A density functional theory-based computational comparison of various [Ru]−L bonds in L(PCy3)Cl2RuCH2 complexes, where L is a dative ligand, shows that similar bond strengths can be expected for ruthenium−imine and ruthenium−amine bonds. The similarity remains when comparing the corresponding bond strengths in ruthenium olefin metathesis catalysts coordinated by bidentate Schiff-base ligands with those of ruthenium complexes of corresponding chelating amino-benzyloxy ligands. This observation prompted us to synthesize two bidentate amino-benzyloxy ligands and one tridentate amino-bis(benzyloxy) ligand. Ruthenium alkylidene complexes coordinated by the bidentate ligands proved to be unstable and eluded isolation.

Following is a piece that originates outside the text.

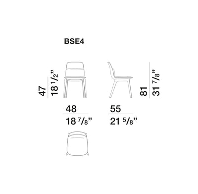 The seat can be matched with three types of base, composed of different materials such as wood or metal, in two versions, which make Barbican perfect for use in different contexts.

Reaction of the potassium salt of the tridentate ligand with (PCy3)2Cl2RuCHPh and (PCy3)2Cl2Ru(CH-o-OiPrC6H4) resulted in two complexes, 10 and 11, respectively, that represent the first examples of ruthenium alkylidenes (arylidenes) coordinated by an amine. 10 and 11 contain an essentially symmetrically coordinated tridentate ligand and both are also coordinated by a tri-cyclohexyl-phosphine ligand. The isopropyloxy function of the alkylidene group in 11 is not coordinated to the metal. Complexes 10 and 11 are fairly stable to air, moisture, and protic solvents, but display low thermal stability. Only very low catalytic activity has been obtained in ring-closing metathesis of diethyl diallylmalonate using 10 or 11 dissolved in acid-free solvents. The presence of a Brønsted acid increases the activity dramatically, although at the expense of an increased decomposition rate of the catalyst.